Questo impulso, nell’ottica dell’autore per la quale lo scopo del sacro e della sua

amministrazione è il mantenimento dell’ordine cosmico, viene “gestito” attraverso i

momenti di festa e gli interdetti ad esse collegati, di cui si è già avuto modo di parlare.

«La società e la natura si devono fondare sul mantenimento di un ordine universale, protetto da molteplici divieti che assicurano l’integrità delle istituzioni e la regolarità dei fenomeni. Tutto ciò che sembra garantire la loro integrità, la loro stabilità, è considerato santo; tutto ciò che sembra comprometterla, sacrilego. La mescolanza e l’eccesso, l’innovazione e il cambiamento sono temuti allo stesso modo. Si presentano come elementi di logorio o di rovina. I vari tipi di riti tendono a espiarli, ossia a restaurare l’ordine che hanno turbato e ad accoglierli anch’essi in quell’ordine, neutralizzandone la forza pericolosa, la virulenza già manifesta nella loro intrusione, nella loro eruzione in un mondo che cerca soltanto di preservare nel proprio essere, e che rassicura soltanto in quanto immobile»42.

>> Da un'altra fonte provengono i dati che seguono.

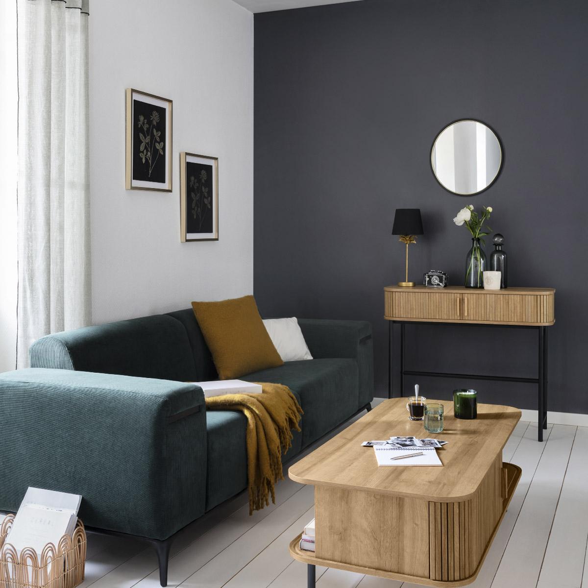 Masă consolă elegantă Atmosphera Colva, cu linii curate și un design modern. Blatul este dreptunghiular cu margini rotunjite și este realizat din MDF cu un strat de PVC cu efect de stejar, care garantează o rezistență mai bună la impact, umezeală și pete.

È, soprattutto, l’ambiguità del sacro ad avere le maggiori conseguenze, poiché non

essendoci uno schema fisso di cose che appartengono o meno a questa categoria tutto può,

in potenza, diventare o meno tale: oggetti, persone, organismi. In tal modo bisogna sempre

riequilibrare le forze che permettono l’ordine sociale per evitare che una prevarichi

sull’altra.

«La mitologia contrappone spesso, in una forma o nell’altra, questi elementi antitetici del sacro, che sembrano raffigurare l’uno la tentazione della passività, l’altro quello dell’attività. Tale appare, per esempio, la distinzione che fanno i Canachi tra totem e dei. I primi sono regolatori della vita. Per compiacerli si rispettano gli interdetti e ci si piega a una disciplina necessaria. (…) In un certo senso, i totem sono i guardiani delle

41 Ibidem, p. 47.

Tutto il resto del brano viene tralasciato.